**Work to be completed**
Return all the lines below exactly. Any picture among them is omitted.

---------- Raw data

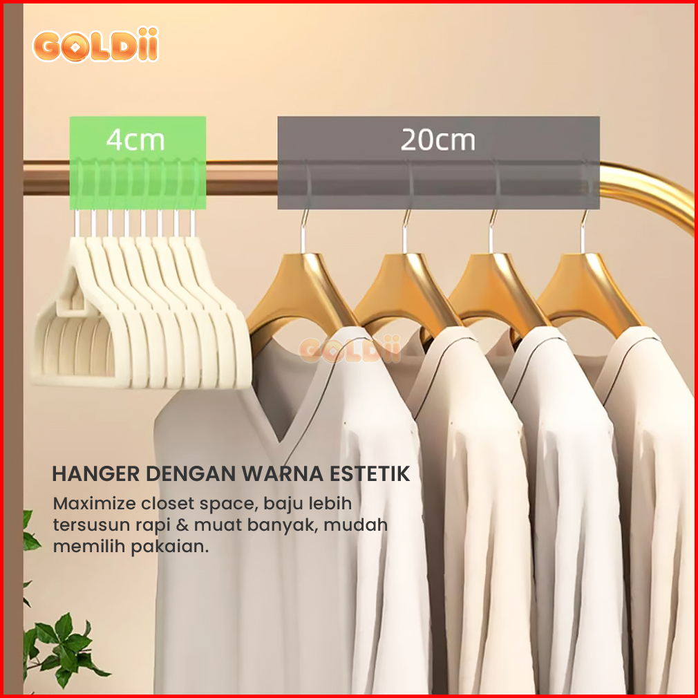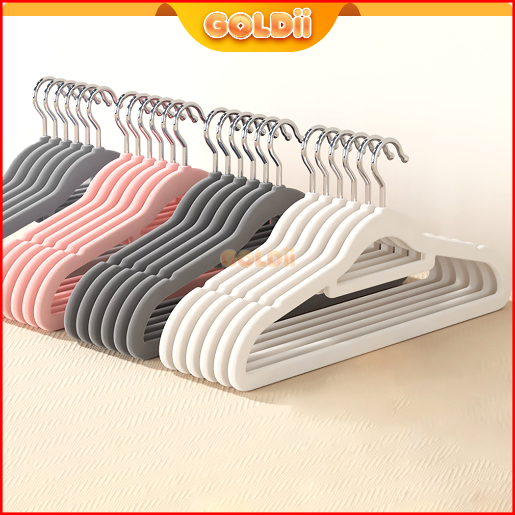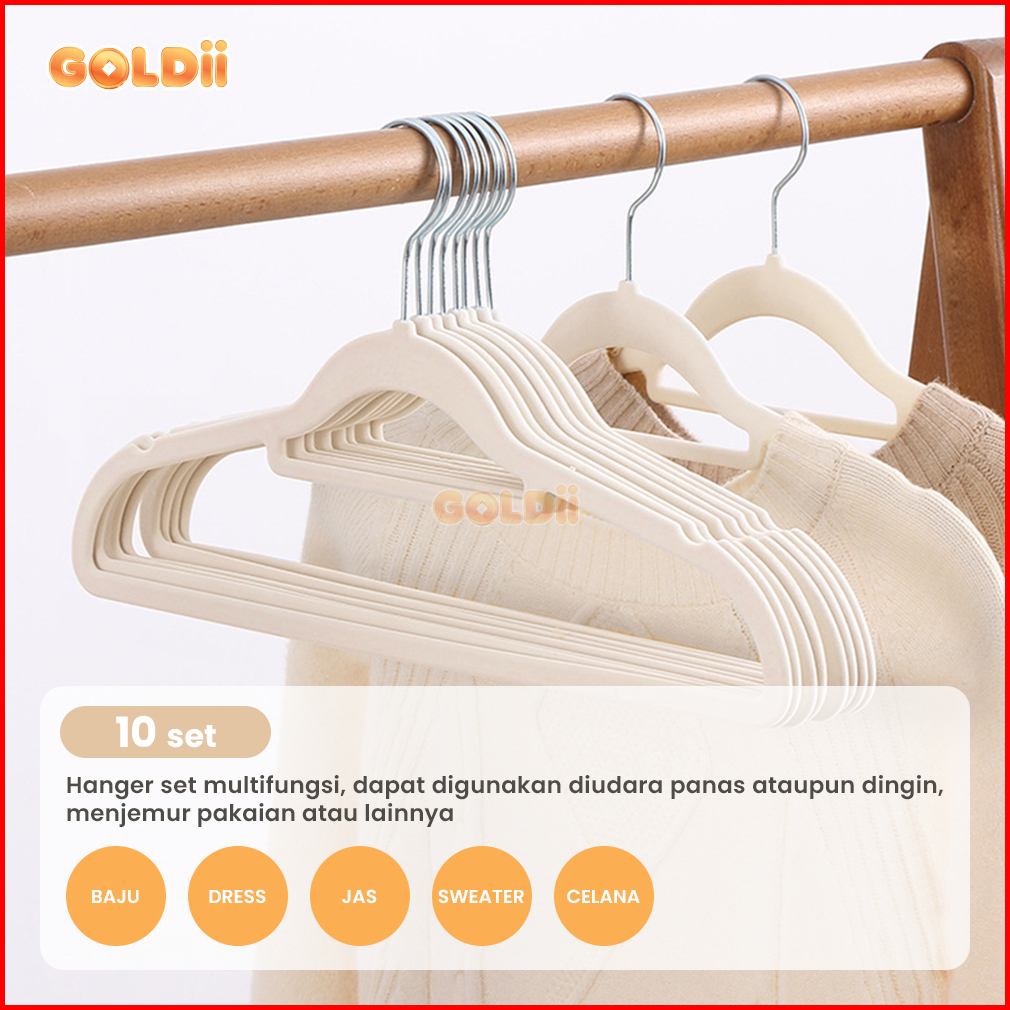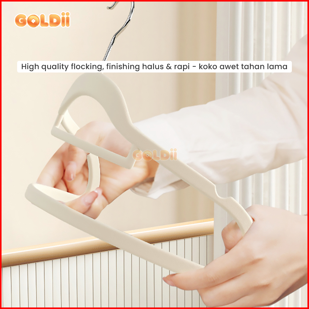Goldii - Hanger Gantungan Baju Bludru Plastik Tebal Anti Slip Berkualitas Isi 10 Pcs
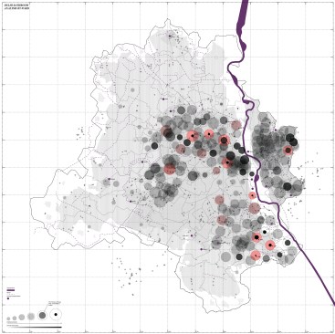 The most recent studio, involving 13 students, focused on a 24-kilometer stretch of the Yamuna River, which bisects the city and provides both its drinking water and its sewage drain. The students divided into teams to research different aspects of the river, including its uses, its impact on health, and the housing stock surrounding it.
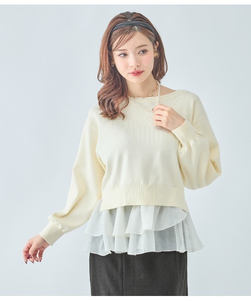 裾の2段フリルで、さりげなくスウィートを足し算。外してシンプルにも活用できる。【おすすめポイント】・裾に透け感のあるオーガンジーの2段フリル。甘くなりすぎず、トレンドのバレエコア風味が楽しめる。・フリルは取り外し可。すっきりシンプルなニットとしても活用できる。【こんな人、こんな時に】・甘すぎずさりげなく、トレンドのフリルを取り入れたい・リラックスできるゆったりめのシルエットが好き・おなかや腰まわりをカバーしたい【デザイン】・ゆったりしたシルエット、やや横広のラウンドネック・リラックス感のあるドロップショルダーで、太めのロングスリーブ・裾に、ボタンで着脱できる2段のオーガンジーフリル。上の段は斜めのヘムラインでアシンメトリーになり、細見せ&しゃれ感のポイント・裾のフリルを外すとジャストウエストくらいの丈。両サイドにスリット入りで、おなか周りがすっきり見える【素材】・本体はきめ細かくフラットな編地のハイゲージニット・ネック、袖口、裾はリブに編み替え・裾はほんのり透けるオーガンジー。ハリがあり、フリルの立体感がきれいに出る・フリルの上辺は等間隔にボタンホールがあいた平ゴム仕様。本体裾内側にボタン付きモデルサイズ:①160cm ②165cm着用サイズ:ワンサイズ
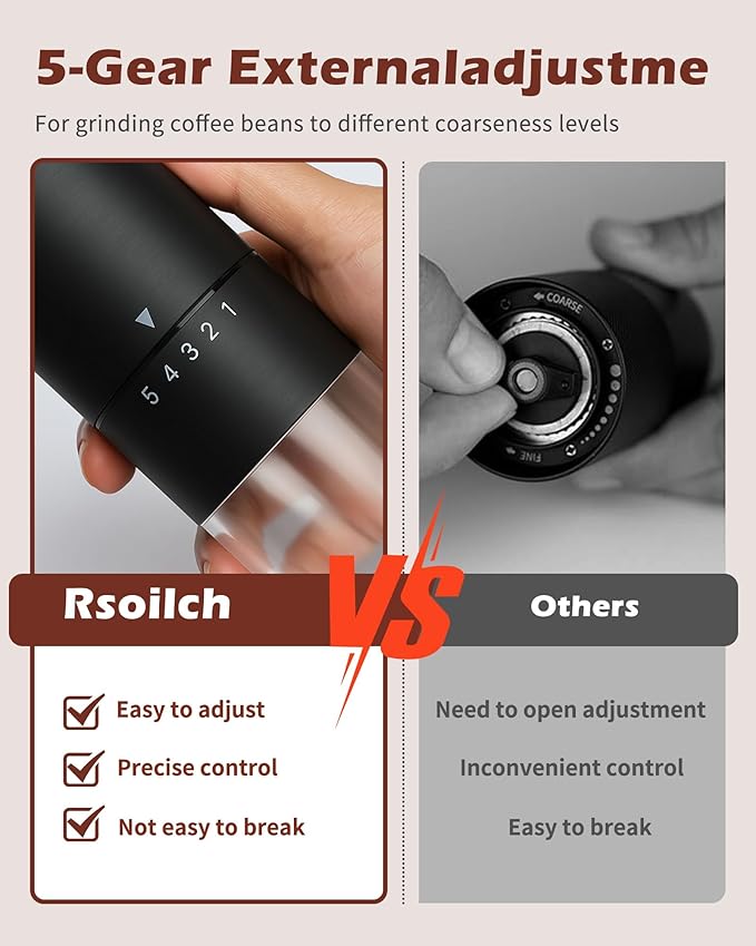 - Manual Coffee Grinder With Ceramics Burr For Espresso,French Press,5 Adjustable Settings,Hand Maker with Built-In Burr,For Home Use and Camping Travel,Coffee Bean Grinders With Hand Crank

--------------------

**Problem solution**
Goldii - Hanger Gantungan Baju Bludru Plastik Tebal Anti Slip Berkualitas Isi 10 Pcs
 The most recent studio, involving 13 students, focused on a 24-kilometer stretch of the Yamuna River, which bisects the city and provides both its drinking water and its sewage drain. The students divided into teams to research different aspects of the river, including its uses, its impact on health, and the housing stock surrounding it.
 裾の2段フリルで、さりげなくスウィートを足し算。外してシンプルにも活用できる。【おすすめポイント】・裾に透け感のあるオーガンジーの2段フリル。甘くなりすぎず、トレンドのバレエコア風味が楽しめる。・フリルは取り外し可。すっきりシンプルなニットとしても活用できる。【こんな人、こんな時に】・甘すぎずさりげなく、トレンドのフリルを取り入れたい・リラックスできるゆったりめのシルエットが好き・おなかや腰まわりをカバーしたい【デザイン】・ゆったりしたシルエット、やや横広のラウンドネック・リラックス感のあるドロップショルダーで、太めのロングスリーブ・裾に、ボタンで着脱できる2段のオーガンジーフリル。上の段は斜めのヘムラインでアシンメトリーになり、細見せ&しゃれ感のポイント・裾のフリルを外すとジャストウエストくらいの丈。両サイドにスリット入りで、おなか周りがすっきり見える【素材】・本体はきめ細かくフラットな編地のハイゲージニット・ネック、袖口、裾はリブに編み替え・裾はほんのり透けるオーガンジー。ハリがあり、フリルの立体感がきれいに出る・フリルの上辺は等間隔にボタンホールがあいた平ゴム仕様。本体裾内側にボタン付きモデルサイズ:①160cm ②165cm着用サイズ:ワンサイズ
 - Manual Coffee Grinder With Ceramics Burr For Espresso,French Press,5 Adjustable Settings,Hand Maker with Built-In Burr,For Home Use and Camping Travel,Coffee Bean Grinders With Hand Crank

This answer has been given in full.